The most relevant metric is “time to first byte”

So, which metric does Google use to rank websites? Experiments performed by Moz show no correlation between ranking and what people consider “page load time.” Their experiments also showed that the time it took for images to load didn’t even factor into how a page ranked.

However, the experiments did show a correlation between ranking and “time to first byte” (TTFB) – a metric that has little to do with your content, and more to do with network and server-side factors like server configuration (.htaccess, httpd.config) and traffic. Some of these factors are within your control and you can optimize them to your advantage.

To speed up TTFB, and therefore increase your potential to rank higher in the search engines, you can do the following:

  • Optimize your web server configuration. Optimizing your web server’s software plays a vital role in increasing the overall speed of your website. When you’re running Apache or LiteSpeed, your .htaccess file is more important than you may know. You may be familiar with using this file for redirects and mod rewrites, but using this file unnecessarily will create performance issues.

Apache’s official documentation says:

“However, in general, use of .htaccess files should be avoided when possible. Any configuration that you would consider putting in a .htaccess file, can just as effectively be made in a <Directory> section in your main server configuration file.”

And:

“httpd will look in every directory for .htaccess files. Thus, permitting .htaccess files causes a performance hit, whether or not you actually even use them! Also, the .htaccess file is loaded every time a document is requested.”

These actions are guaranteed to slow down TTFB.

  • Update your PHP software version. Scripts will run more slowly on older versions of PHP. Keep this updated. A managed hosting solution will do this for you. PHP7 provides a huge performance boost over the previous 5.x versions.
  • Use load balancing to handle traffic spikes. Large increases in traffic around the holidays and during promotional periods can slow down your website. Load balancing distributes all incoming requests evenly across multiple servers to prevent any one resource from being overloaded. The result is faster page loads for your visitors as well as crawlers.

Cache dynamic content

Dynamic content is served differently than static content. Due to the way dynamic content needs to be retrieved, it takes more time to serve than static content.

For example, plain HTML pages are considered static content. When a request is made to retrieve static content, it’s delivered instantly.

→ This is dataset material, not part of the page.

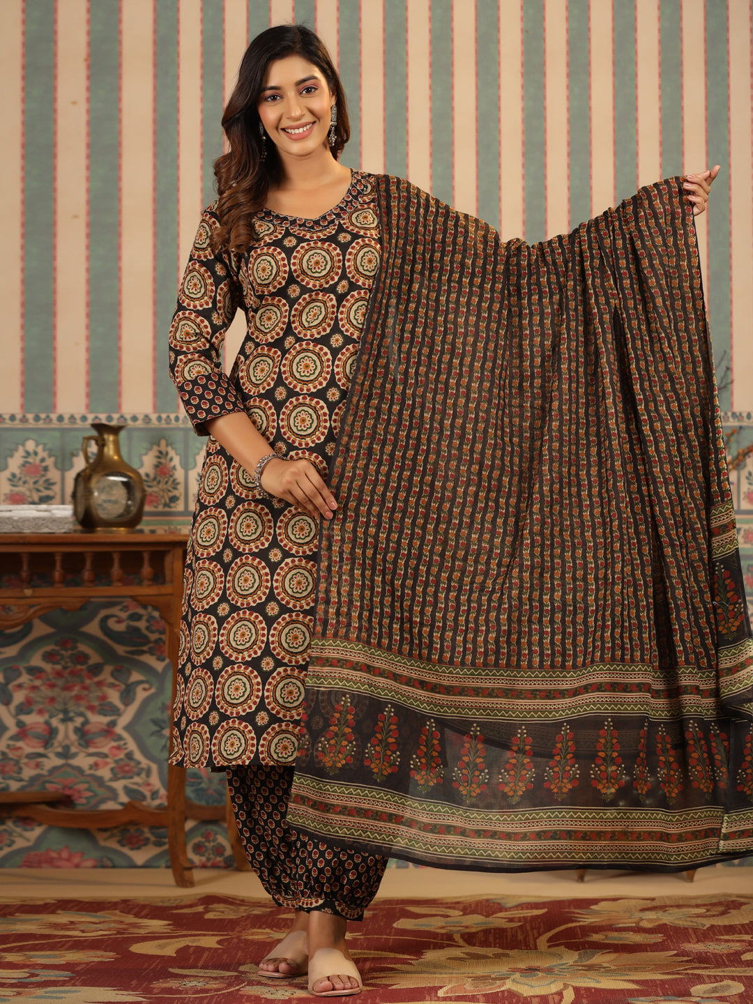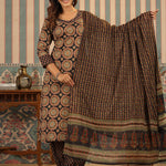 Straight Style Cotton Fabric Black Color Kurta And Bottom With Dupatta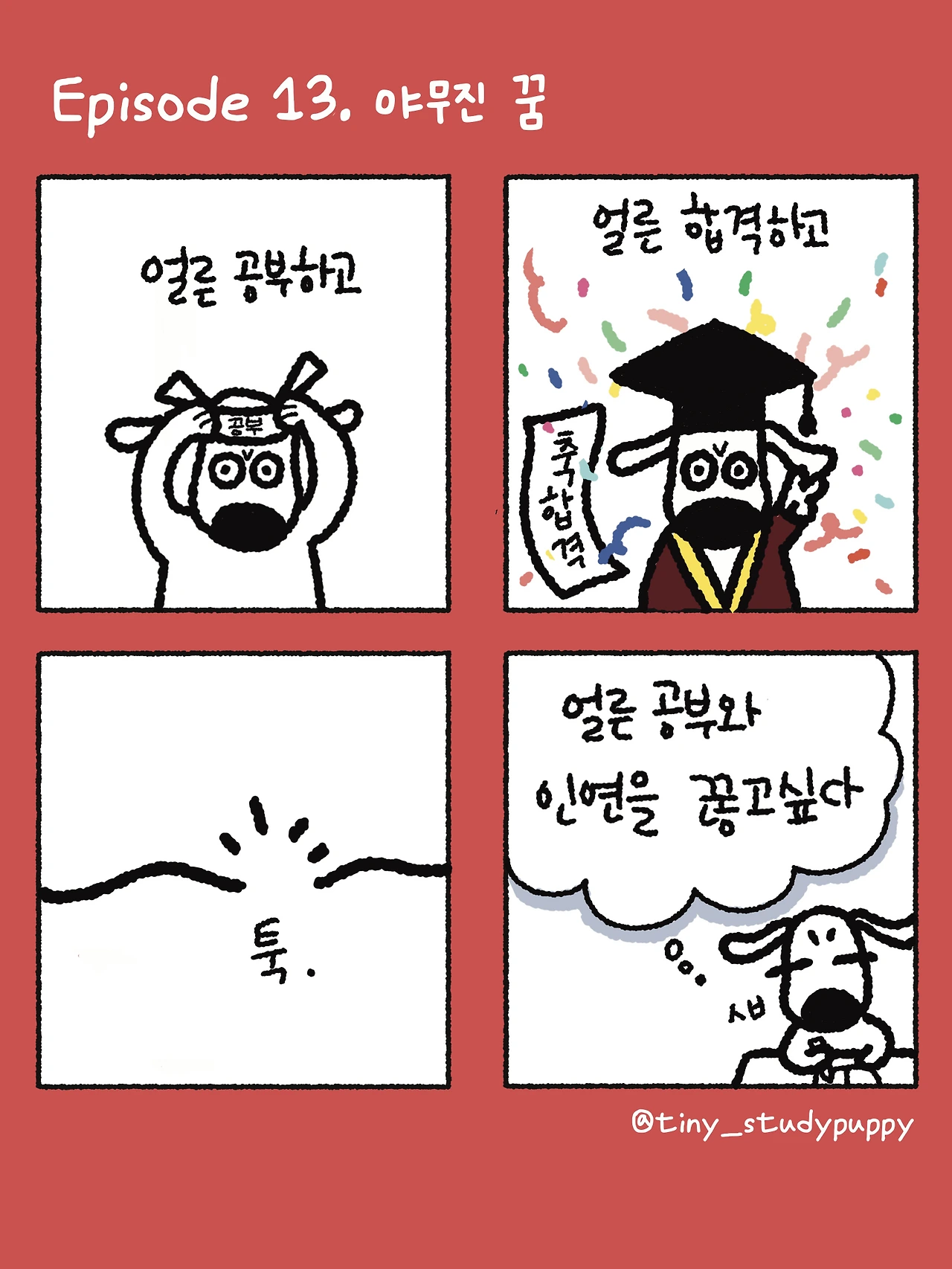 #시험 #시험기간 #열공 #공부스타그램 #시험공부 #공부공감 #공부툰 #공부강아지티니 #네컷툰 #브런치툰 #공부자극 #유머툰 #공부일기 #공부 #멍공일기 #공부싫어 #공부끝 #공부는끝이없다 #야무진꿈

Websites built in WordPress (and other CMS platforms) are dynamically generated. There are multiple things that need to happen between the receipt of a request and the response. The server actually needs to build the page before it can be sent back to the browser.

WordPress pages, for example, are built by getting PHP files and interacting with a database. This is why business owners who run websites with dynamic content management systems use plugins and server-side solutions that serve cached versions of their pages.

Hosted solutions from Skylands Networks include specialized caching for dynamic content management systems like WordPress and Magento.

Additionally, in their experiments, Moz discovered a counter-intuitive correlation between decreasing page size to decreasing page rank. You’d think that less content to load on a page would speed it up and therefore raise its rank. It’s not this simple. Google actually favors websites with more content and favors sites with fresh content even more.

Faster pages = Happier customers

Although Moz discovered slower loading images didn’t impact the way a site ranked in the search engines, they will cause visitors (especially on mobile devices) to bounce. It’s important to optimize your content for both search engines and visitors. Both visitors and search engines love fast loading pages.